Lauriel shot her a warning look. “Junay.”
“Mamãe,” she mimicked. “She deserves to know! If you died, wouldn’t I deserve to know who killed you?”
She turned back to Mia. “I don’t know who did it, but I know who will. Ask Zaga. She knows everything. She probably has a whole roster of murderous angels in her secret cave.” Off Mia’s blank look, she added, “Go find my brother down at the lake. He’d be happy to take you to Zaga.”
“Why are you doing this, Jun?” Sach’a murmured.
Junay smiled beatifically at her twin. “Watch out for those obnoxious ones, Sach.
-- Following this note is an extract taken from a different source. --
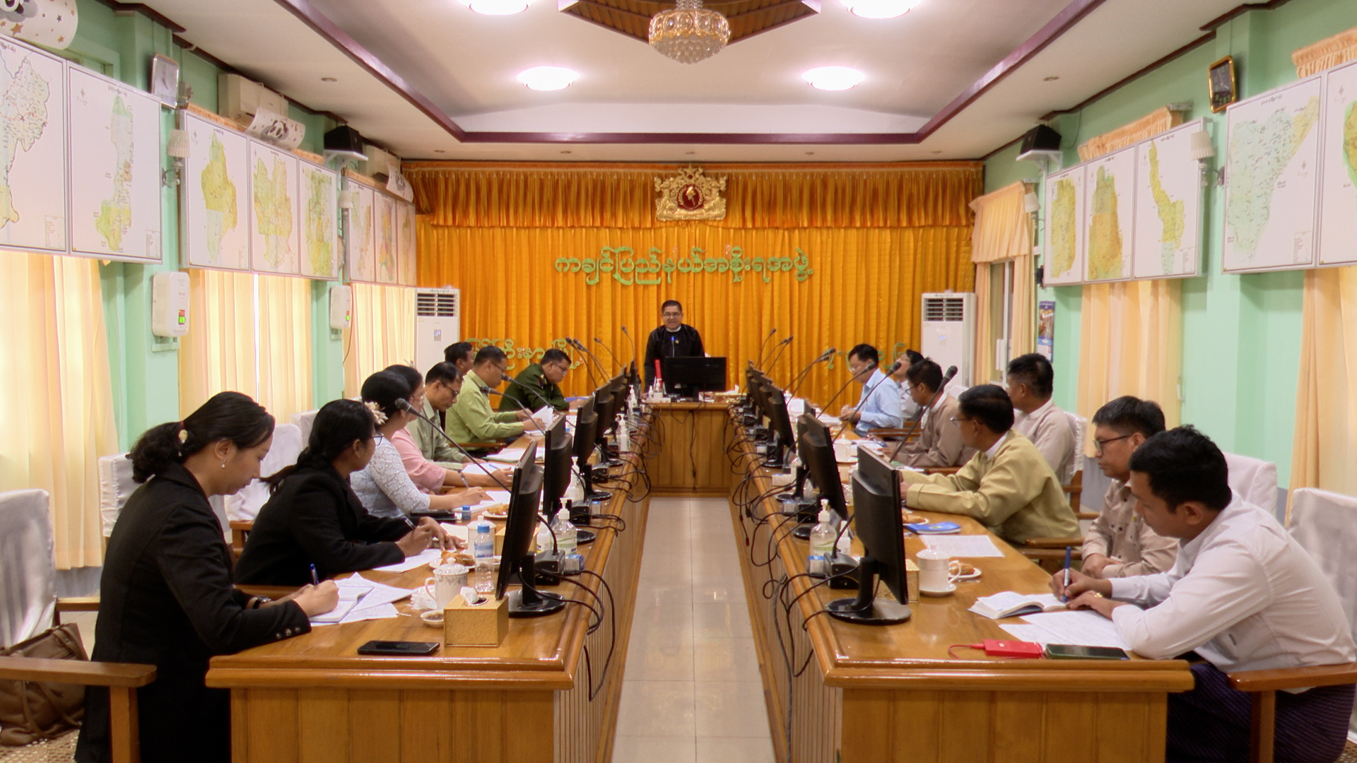 ကချင်ပြည်နယ်အတွင်း တဖက်နိုင်ငံသို့ သွင်းကုန်ပစ္စည်းများနှင့်ပတ်သက်၍ တရားဝင်သွင်းကုန်လိုင်စင်ဖြင့် တင်သွင်းခွင့်ပြုနိုင်ရေးနှင့် စစ်ဆေးဆောင်ရွက်နိုင်ရေးတို့အတွက် မိုင်းနားအခြေပြုကံပိုင်တည်ကုန်သွယ်ရေးစခန်း ယာယီယာဉ်စစ်ဆေးကွင်း ဖွင့်လှစ်ဆောင်ရွက်ရာတွင် လုပ်ငန်းများအဆင်ပြေချောမွေ့စွာ ဆောင်ရွက်နိုင်ရေးအတွက် လုပ်ငန်းညှိနှိုင်းအစည်းအဝေးကို ယနေ့ နံနက် ၈ နာရီက ပြည်နယ်အစိုးရအဖွဲ့ရုံး မလိခခန်းမ၌ ကျင်းပပြုလုပ်ခဲ့သည်။
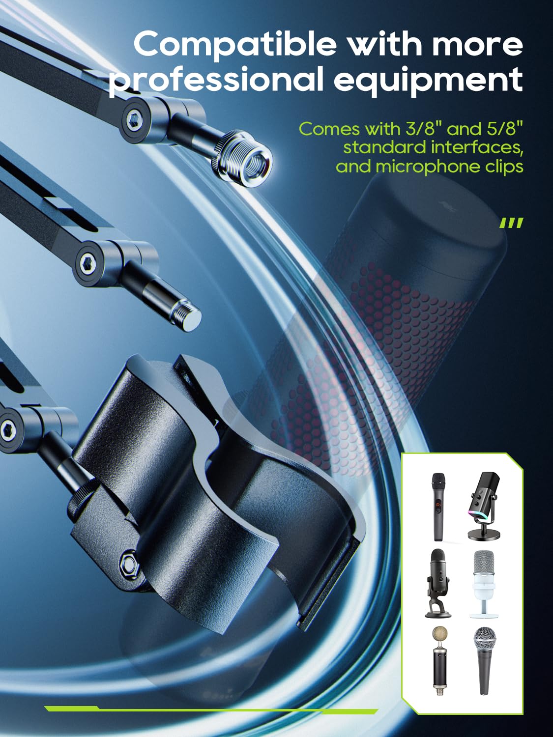 M05 Boom Arm, 360 Rotatable Microphone Stand With Desk Mount, Foldable Desk Mic Arm With 3/8'' To 5/8'' Screw Adapter, Microphon

We’re even more obnoxious when we tell the truth.”
Chapter 36
Meant for You
THE PATH TO THE lake was a carpet of soft red sand, studded with low, dry brush. Mia felt better once she was beyond the reach of the uzoolion. As the sun sweated in the morning sky, her blood was making music inside her again.
Lauriel had pleaded with her not to go—“not yet, not until you’re ready”—but the moment Junay had given her a destination, they all knew there would be no debate. Mia had pushed her chair back from the table and left without another word.
“Mia?” Quin easily caught up to her on his long legs. “Do you really think this is a good choice?”